NEW YORK - Shares of recreational vehicle makers slid Wednesday after Monaco Coach Corp. predicted a second-quarter loss and reported a first-quarter loss on lower consumer spending.
The sector, along with many other industries, has been pressured of late as consumers tighten spending due to the continued housing downturn, eroding credit, escalating gas and food costs and recession concerns.
Earlier in the day Monaco Coach fell to a first-quarter loss, blaming a drop in consumer spending. The Coburg, Ore.-based company also said it expects a second-quarter loss due to uncertain economic conditions.
Monaco Coach's stock fell $1.12, or 13.3 percent, to $7.33 in morning trading. The company's shares plunged to a nearly 10-year low of $6.50 earlier in the session.
RBC Capital Markets analyst Edward Aaron said Monaco Coach's quarterly results, which included drops in motorhome and towable retail sales, are indicative of current economic conditions.

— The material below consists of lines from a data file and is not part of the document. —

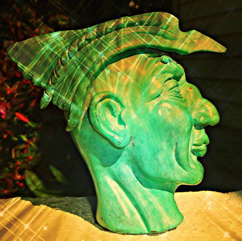 QUIQUID CAPIT -- whatever it takes. 1 of 10 bronze. One of a series of imagined portraits influenced by Japanese and Greek and Roman and Celtic.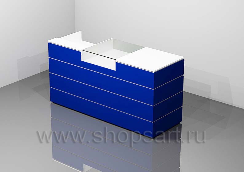 Кассовый стол с зоной упаковки и зоной прилавка для выкладки товара, по передней части стол облицовывается декоративной рустовкой. Стекло 8 мм. Цвета отделки: синий, белый или любой другой. Стол оснащается выдвижными ящиками и полками, по желанию Заказчика.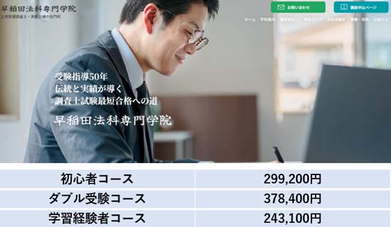 土地家屋調査士試験に最も力を入れている予備校で、長年の受験指導で培われたカリキュラム・講義・教材などは信頼に値します。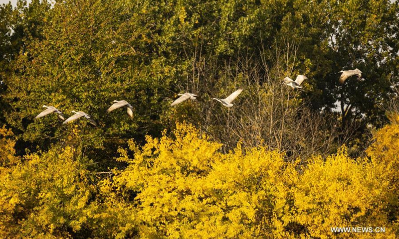 Birds fly over Lobdell Lake in Genesee County, Michigan, the United States, on Oct. 10, 2020. (Photo by Joel Lerner/Xinhua)

He also cautioned on inventory levels.
"Dealer inventories are still too high relative to demand and will need to come down further to reflect a significantly lower rate of retail sales activity, in our opinion," he wrote in a client note.
Aaron reaffirmed an "Underperform" rating.
Elsewhere in the sector, shares of Thor Industries Inc. dipped 3 cents to $28.98. Winnebago Industries Inc.'s stock dropped 30 cents, or 2 percent, to $14.58. The stock hit a new 52-week low of $14.30 earlier.
Shares of Fleetwood Enterprises Inc. shed 11 cents, or 2.9 percent, to $3.68. The stock earlier touched a year low of $3.55.